3. Bad Load balancer configuration
4. Bad agent comm layer settings.
Review the FileReader logs look for:
com.vontu.policy.loader.execution.ExecutionMatrixGenerator sizeInRows
Consider tuning policies that consist of > 10,000 rows
https://knowledge.broadcom.com/external/article/174430/high-memory-or-cpu-usage-of-the-dlp-agen.html has important tips on how to avoid policies with too many rows in 15.8 and earlier.
In addition to policy complexity, it is a good idea to have controls in place that limit the quantity and/or frequency of policy updates. While more efficient in 16.0 and later. It's important to know that agents start receiving new policies the moment you click save on a policy in a policy group applied to endpoint servers. Because of this, when a dozen policy changes are made back to back, this process gets restarted over and over and can get expensive and taxing on both agents and servers CPU and memory.
DLP agents behind with a load balancer between them and the endpoint server(s) need to have that load balancer configured for source IP persistence. For reference see
About using load balancers in an endpoint deployment
Neglecting the use of IP persistence(also called IP stickiness) Can cause endpoint servers to frequently not see agents for many hours, triggering the endpoint server to report to Enforce that the agent is not reporting. This is based on the 'Configuring Agent Connection Status "Not Reporting" after' setting. This leads to several things happening
These things all make communicating with agents more expensive, and thus consume more resources, this is avoided by utilizing IP persistence on the load balancer.

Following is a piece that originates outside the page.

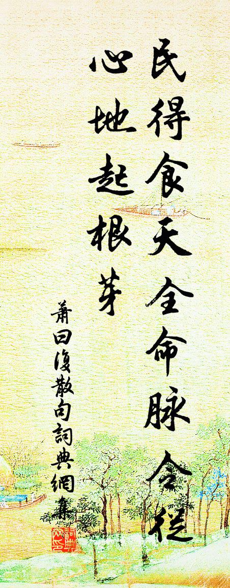 詩詞名句歷史字典書法欣賞書法字典國語詞典說文解字康熙字典古漢語字典標 題 作 者 詩 句 句作者:蕭曰復 朝代:宋代句原文民得食天全命脈,令從心地起根芽。詩詞問答問:句的作者是誰?答:蕭曰復問:句寫於哪個朝代?答:宋代蕭曰複句書法欣賞句書法作品詩詞推薦海邊僧寺絕筆諸葛夢宇〔宋代〕孤臣垂死愈心傷,捲土重來豈望還。萬裏海濤鳴戰鼓,千年靈氣結浮山。魚龍亦解齊殊類,犬馬誰教到此間。留得清平樂程垓〔宋代〕綠深紅少。柳外橫橋小。雙燕不知幽夢好。驚起碧窗春曉。起來瞢多時。玉台金鏡慵移。多少春愁未說,卻來閒青雀歌裴迪〔唐代〕動息自適性,不曾妄與燕雀群。幸忝鵷鸞早相識,何時提攜致青雲。滿江紅盧炳〔宋代〕罨畫池亭,對十萬、盈盈粉面。依翠蓋、臨風一曲,霓裳舞遍。亭上人如蓬島客,坐中別有飛瓊伴。占世間、風月泊上虞縣陸游〔宋代〕鄞江久不到,乘興偶東遊。漲水崩沙岸,歸雲抱縣樓。吟餘聲混混,梳罷發颼颼。喜見時平象,新絲入市稠。早離永明晚抵江華道中江朝議〔宋代〕舍車跨馬喜新晴,倍風旌旗照眼明。顧我未能流美化,邦人何事喜相迎。雨中伯恭至湖上韓元吉〔宋代〕莫嫌鞭馬踏春泥,茶鼎詩整偶共攜。山色雨深看更好,湖光煙接望遠迷。連天花絮飛將盡,夾道蒲荷長欲齊。官事上已同沈虞卿、尤延之、王順伯、林景思游湖楊萬里〔宋代〕總宜亭子小如拳,著得西湖不見痕。湖上軒牖無不好,何須抵死揀名園。頌十玄談心印釋印肅〔宋代〕呼為心印早虛言,滿目真如自現交。十二時中無不應,金鶯頻道柳含煙。以古銅壺送王觀復黃庭堅〔宋代〕隨俗易汩沒,從公常糾紛。我觀王隆化,入蕕不改薰。未見蛇起陸,已看豹成文。愛君古人風,古壺投贈君。酌酒豫庵三端詩鵷竹岳珂〔宋代〕雷雨新頭角,煙霄舊羽翰。聯根方拔象,接翼更停鸞。紫錦雙翻籜,青銅並倚竿。摩穹端有待,聯復護雕闌。寶閣尚書凌公輓詩虞儔〔宋代〕新學輕餘子,忠懷策萬言。治安猶涕泣,師友故淵源。日曳尚書履,風生刺史轓。漢庭誰第一,殊未遜公孫。以詩送宣賜進奉紅綃封龍字茶與璉禪師丁謂〔宋代〕密緘龍焙火前春,翠字紅綃熨眼新。品味至高誰合得,雙林樹下上乘人。山居偶成釋智圓〔宋代〕世上喧譁耳不聞,煙蘿深處絕人群。歲寒弗改憐高柏,舒捲無機愛白雲。閒採藥苗醫故疾,旋編紅葉寫新文。有人呈楊謹仲監廟三首趙蕃〔宋代〕劉孔何如士,歐蘇敢並行。江山故好在,人士熟知名。道遇澄清使,為言月旦評。經過才一見,已似慰平生。和顏長官百詠城市朱繼芳〔宋代〕村翁生長在柴門,身有丁男犢有孫。為了官租才出市,歸家誇說與鄉村。句釋曉瑩〔宋代〕二月春方好。貸錢買牡丹屏方岳〔宋代〕作券西家貸子錢,略容書卷識春妍。杜陵婦忍長貧面,夸與樵青亦自賢。題常州獨孤檜翁卷〔宋代〕此檜何時種,相傳是獨孤。年深成古物,名重入州圖。老節堅難蠹,皴皮裂似枯。托根列帝廟,應不慮樵夫。明日大夫曾豐〔宋代〕明日大夫,何嘉貺兮。老火亢兮,白露降兮。公生與俱,凝骨相兮。寢藹藹然,朝之望兮。名句推薦臣聞君子樂得其志,小人樂得其事。姜子牙《六韜·文韜·文師》 道不遠人。人之為道而遠人,不可以為道。子思《中庸·第十三章》 遠路應悲春晼晚,殘霄猶得夢依稀。李商隱《春雨》 可憐青冢已蕪沒,尚有哀弦留至今。王安石《明妃曲二首》 好風憑藉力,送我上青雲。曹雪芹《臨江仙·柳絮》 賈傅松醪酒,秋來美更香。杜牧《送薛種游湖南》 敗荷零落,衰楊掩映,岸邊兩兩三三,浣沙游女。柳永《夜半樂·凍雲黯淡天氣》 江山易改,稟性難移。馮夢龍《醒世恆言·卷三十五》 丈夫貧賤應未足,今日相逢無酒錢。高適《別董大二首》 昔孟母,擇鄰處。子不學,斷機杼。王應麟《三字經·全文》

Load balancers are also often tasked with performing health checks on the endpoint server. As agent connections to the endpoint server are not persistent, it is not necessary to have health check frequency measured in milliseconds. Having health checks kick off dozens of times a second can have a negative impact on Endpoint Server stability and performance.
In general advanced agent settings beginning with 'CommLayer' or 'ServerCommunicator' should be left at their default values as they are interdependent on each other in many cases and changing one without properly changing adjacent settings can result in negative impact to agent and server communication.
Common mistakes made in relation to agent comm layer settings.
If all else fails and we are still encountering
java.lang.OutOfMemoryError: GC overhead limit exceeded or 'java.lang.Exception: java.lang.OutOfMemoryError: Java heap space'
within Aggregator#.log files It may simply be time to increase memory available for the endpoint server component.
Within the Advanced Server Settings
For 16.0.x and earlier
Find BoxMonitor.EndpointServerMemory
Increase the value of the -Xmx setting to a size appropriate for the available physical memory on each Endpoint Detection Server.
For 16.1 and later
Find UDS.Detector.MaxMemory
Increase the value to a size appropriate for the available physical memory on each Endpoint Detector.
Continue to monitor aggregator to see if the service stays running and is stable.